Stereoscopy is one of the most studied topics in biological and computer vision. Nevertheless, classical approaches of addressing this problem fail to integrate eye/camera vergence. From a geometric point of view, the integration of vergence is difficult because one has to re-estimate the epipolar geometry at every new eye/camera rotation. From an algorithmic point of view, it is not clear how to combine depth maps obtained with different eyes/cameras relative orientations. Therefore, we addressed the more general problem of binocular vision that combines the low-level eye/camera geometry, sensor rotations, and practical algorithms based on global optimization 21, 38. We studied the link between mathematical and computational approaches to stereo (global optimization and Markov random fields) and the brain plausibility of some of these approaches: indeed, we proposed an original mathematical model for the complex cells in visual-cortex areas V1 and V2 that is based on steering Gaussian filters and that admits simple solutions 18. This addresses the fundamental issue of how local image structure is represented in the brain/computer and how this structure is used for estimating a dense disparity field. Therefore, the main originality of our work is to address both computational and biological issues within a unifying model of binocular vision. Another equally important problem that still remains to be solved is how to integrate binocular depth maps over time. Recently, we have addressed this problem and proposed a semi-global optimization framework that starts with sparse yet reliable matches and proceeds with propagating them over both space and time. The concept of seed-match propagation has then been extended to TOF-stereo fusion 13.

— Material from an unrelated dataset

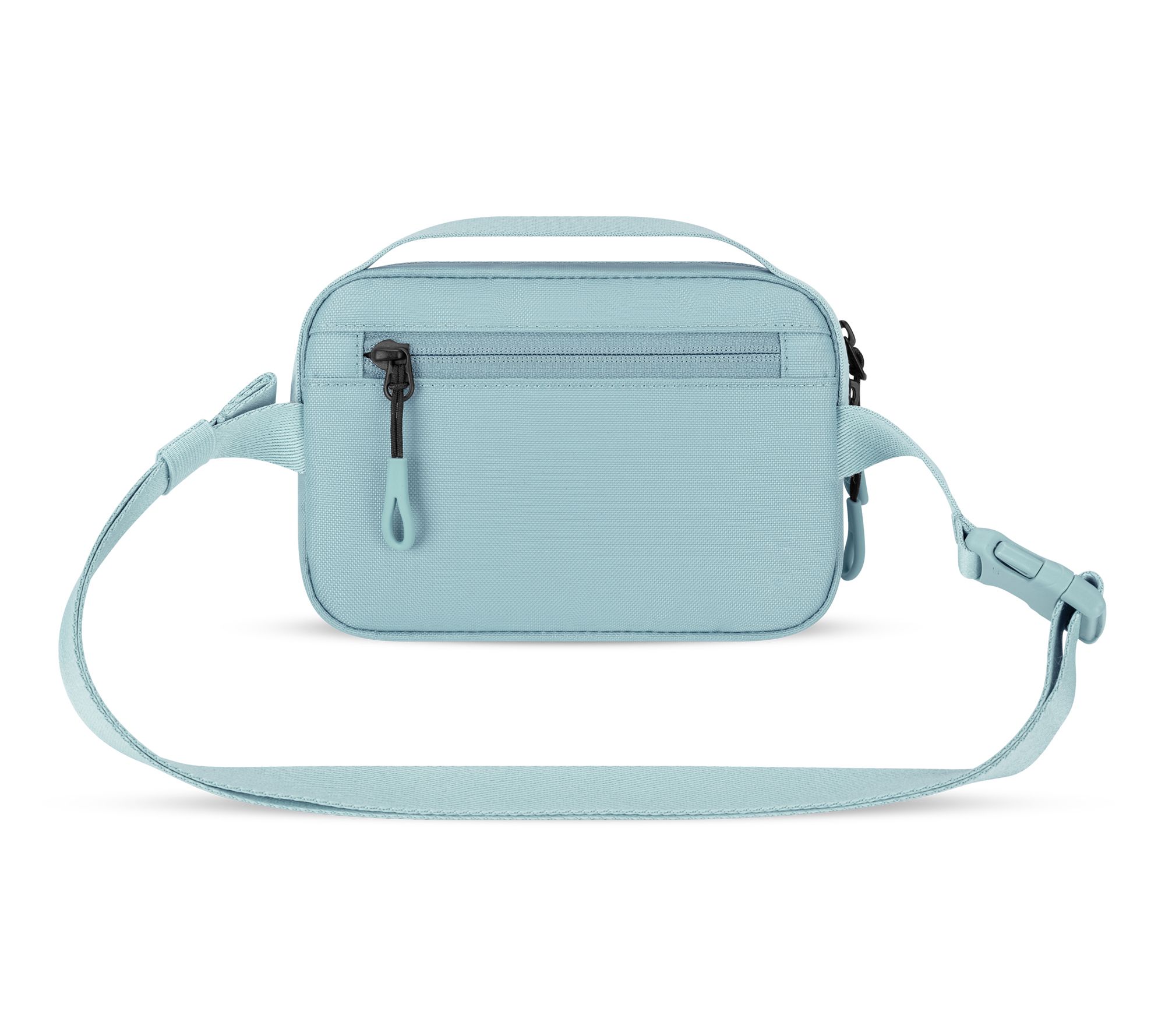 • Converts from crossbody to belt bag, zip-top closure, front zipper pocket with zipper lock and key leash, fixed grip handle, back zippered pocket, adjustable waist strap up to 40"

## 3.3 Audio Signal Processing

Audio-visual fusion algorithms necessitate that the two modalities are represented in the same mathematical space. Binaural audition allows to extract sound-source localization (SSL) information from the acoustic signals recorded with two microphones. We have developed several methods, that perform sound localization in the temporal and the spectral domains. If a direct path is assumed, one can exploit the time difference of arrival (TDOA) between two microphones to recover the position of the sound source with respect to the position of the two microphones. The solution is not unique in this case, the sound source lies onto a 2D manifold. However, if one further assumes that the sound source lies in a horizontal plane, it is then possible to extract the azimuth. We used this approach to predict possible sound locations in order to estimate the direction of a speaker 2. We also developed a geometric formulation and we showed that with four non-coplanar microphones the azimuth and elevation of a single source can be estimated without ambiguity 1. We also investigated SSL in the spectral domain. This exploits the filtering effects of the head related transfer function (HRTF): there is a different HRTF for the left and right microphones. The interaural spectral features, namely the ILD (interaural level difference) and IPD (interaural phase difference) can be extracted from the short-time Fourier transforms of the two signals. The sound direction is encoded in these interaural features but it is not clear how to make SSL explicit in this case. We proposed a supervised learning formulation that estimates a mapping from interaural spectral features (ILD and IPD) to source directions using two different setups: audio-motor learning 9 and audio-visual learning 11.

We also addressed the difficult problem of audio signal processing in reverberant environments. We thoroughly studied the convolutive transfer function (CTF) and developed several methods and associated algorithms for the localization, separation and tracking of audio sources 34, 32, 33, 35, 31

## 3.4 Visual Reconstruction With Multiple Color and Depth Cameras

For the last decade, one of the most active topics in computer vision has been the visual reconstruction of objects, people, and complex scenes using a multiple-camera setup. The PERCEPTION team has pioneered this field and by 2006 several team members published seminal papers in the field. Recent work has concentrated onto the robustness of the 3D reconstructed data using probabilistic outlier rejection techniques combined with algebraic geometry principles and linear algebra solvers 41. Subsequently, we proposed to combine 3D representations of shape (meshes) with photometric data 40. The originality of this work was to represent photometric information as a scalar function over a discrete Riemannian manifold, thus generalizing image analysis to mesh and graph analysis. Manifold equivalents of local-structure detectors and descriptors were developed 39. The outcome of this pioneering work has been twofold: the formulation of a new research topic now addressed by several teams in the world, and allowed us to start a three year collaboration with Samsung Electronics. We developed the novel concept of mixed camera systems combining high-resolution color cameras with low-resolution depth cameras 22, 19,17. Together with our start-up company 4D Views Solutions and with Samsung, we developed the first practical depth-color multiple-camera multiple-PC system and the first algorithms to reconstruct high-quality 3D content 13.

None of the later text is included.